WHAT YOU WILL DO:
The answer should contain every record below, output exactly.

Records drawn from a dataset:
↓↓↓

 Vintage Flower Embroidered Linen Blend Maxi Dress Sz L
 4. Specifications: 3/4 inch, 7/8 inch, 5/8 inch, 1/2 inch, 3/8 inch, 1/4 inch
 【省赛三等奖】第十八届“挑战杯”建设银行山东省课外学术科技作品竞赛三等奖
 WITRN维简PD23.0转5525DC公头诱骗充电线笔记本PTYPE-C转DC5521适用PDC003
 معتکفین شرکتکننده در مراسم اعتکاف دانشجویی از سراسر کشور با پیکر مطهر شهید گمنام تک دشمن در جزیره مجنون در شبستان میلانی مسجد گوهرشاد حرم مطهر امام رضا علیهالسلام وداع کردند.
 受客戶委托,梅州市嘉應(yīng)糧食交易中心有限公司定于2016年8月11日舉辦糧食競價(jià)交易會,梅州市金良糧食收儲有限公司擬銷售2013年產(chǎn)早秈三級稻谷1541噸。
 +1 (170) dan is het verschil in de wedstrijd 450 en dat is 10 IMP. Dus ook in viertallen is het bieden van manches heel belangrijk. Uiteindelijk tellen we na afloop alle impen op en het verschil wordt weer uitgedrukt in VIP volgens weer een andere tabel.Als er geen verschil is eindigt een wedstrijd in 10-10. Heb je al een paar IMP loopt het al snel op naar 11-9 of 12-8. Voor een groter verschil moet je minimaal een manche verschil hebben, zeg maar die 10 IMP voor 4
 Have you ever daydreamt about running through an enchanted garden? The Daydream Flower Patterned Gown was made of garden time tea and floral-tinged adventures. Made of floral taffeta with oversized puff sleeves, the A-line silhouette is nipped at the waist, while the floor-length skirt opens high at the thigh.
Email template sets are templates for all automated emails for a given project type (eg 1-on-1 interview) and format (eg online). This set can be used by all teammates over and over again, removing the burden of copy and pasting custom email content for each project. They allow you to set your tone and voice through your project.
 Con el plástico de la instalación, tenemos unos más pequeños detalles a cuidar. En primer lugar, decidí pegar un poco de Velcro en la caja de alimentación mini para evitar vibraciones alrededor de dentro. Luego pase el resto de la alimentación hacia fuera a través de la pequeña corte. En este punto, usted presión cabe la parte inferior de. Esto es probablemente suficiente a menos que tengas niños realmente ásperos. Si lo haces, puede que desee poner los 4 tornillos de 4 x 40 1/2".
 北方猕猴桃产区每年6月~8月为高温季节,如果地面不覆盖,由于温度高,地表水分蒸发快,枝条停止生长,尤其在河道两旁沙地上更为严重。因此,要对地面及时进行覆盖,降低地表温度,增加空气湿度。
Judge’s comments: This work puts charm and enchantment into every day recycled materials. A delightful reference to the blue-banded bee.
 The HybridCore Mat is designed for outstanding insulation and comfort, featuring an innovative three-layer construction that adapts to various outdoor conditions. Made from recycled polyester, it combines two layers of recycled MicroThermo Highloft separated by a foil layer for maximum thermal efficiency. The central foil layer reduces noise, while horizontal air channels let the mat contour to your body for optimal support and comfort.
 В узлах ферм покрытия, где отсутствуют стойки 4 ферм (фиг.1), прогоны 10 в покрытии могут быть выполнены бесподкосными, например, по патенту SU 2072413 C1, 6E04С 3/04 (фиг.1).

↑↑↑

RESPONSE:
 Vintage Flower Embroidered Linen Blend Maxi Dress Sz L
 4. Specifications: 3/4 inch, 7/8 inch, 5/8 inch, 1/2 inch, 3/8 inch, 1/4 inch
 【省赛三等奖】第十八届“挑战杯”建设银行山东省课外学术科技作品竞赛三等奖
 WITRN维简PD23.0转5525DC公头诱骗充电线笔记本PTYPE-C转DC5521适用PDC003
 معتکفین شرکتکننده در مراسم اعتکاف دانشجویی از سراسر کشور با پیکر مطهر شهید گمنام تک دشمن در جزیره مجنون در شبستان میلانی مسجد گوهرشاد حرم مطهر امام رضا علیهالسلام وداع کردند.
 受客戶委托,梅州市嘉應(yīng)糧食交易中心有限公司定于2016年8月11日舉辦糧食競價(jià)交易會,梅州市金良糧食收儲有限公司擬銷售2013年產(chǎn)早秈三級稻谷1541噸。
 +1 (170) dan is het verschil in de wedstrijd 450 en dat is 10 IMP. Dus ook in viertallen is het bieden van manches heel belangrijk. Uiteindelijk tellen we na afloop alle impen op en het verschil wordt weer uitgedrukt in VIP volgens weer een andere tabel.Als er geen verschil is eindigt een wedstrijd in 10-10. Heb je al een paar IMP loopt het al snel op naar 11-9 of 12-8. Voor een groter verschil moet je minimaal een manche verschil hebben, zeg maar die 10 IMP voor 4
 Have you ever daydreamt about running through an enchanted garden? The Daydream Flower Patterned Gown was made of garden time tea and floral-tinged adventures. Made of floral taffeta with oversized puff sleeves, the A-line silhouette is nipped at the waist, while the floor-length skirt opens high at the thigh.
Email template sets are templates for all automated emails for a given project type (eg 1-on-1 interview) and format (eg online). This set can be used by all teammates over and over again, removing the burden of copy and pasting custom email content for each project. They allow you to set your tone and voice through your project.
 Con el plástico de la instalación, tenemos unos más pequeños detalles a cuidar. En primer lugar, decidí pegar un poco de Velcro en la caja de alimentación mini para evitar vibraciones alrededor de dentro. Luego pase el resto de la alimentación hacia fuera a través de la pequeña corte. En este punto, usted presión cabe la parte inferior de. Esto es probablemente suficiente a menos que tengas niños realmente ásperos. Si lo haces, puede que desee poner los 4 tornillos de 4 x 40 1/2".
 北方猕猴桃产区每年6月~8月为高温季节,如果地面不覆盖,由于温度高,地表水分蒸发快,枝条停止生长,尤其在河道两旁沙地上更为严重。因此,要对地面及时进行覆盖,降低地表温度,增加空气湿度。
Judge’s comments: This work puts charm and enchantment into every day recycled materials. A delightful reference to the blue-banded bee.
 The HybridCore Mat is designed for outstanding insulation and comfort, featuring an innovative three-layer construction that adapts to various outdoor conditions. Made from recycled polyester, it combines two layers of recycled MicroThermo Highloft separated by a foil layer for maximum thermal efficiency. The central foil layer reduces noise, while horizontal air channels let the mat contour to your body for optimal support and comfort.
 В узлах ферм покрытия, где отсутствуют стойки 4 ферм (фиг.1), прогоны 10 в покрытии могут быть выполнены бесподкосными, например, по патенту SU 2072413 C1, 6E04С 3/04 (фиг.1).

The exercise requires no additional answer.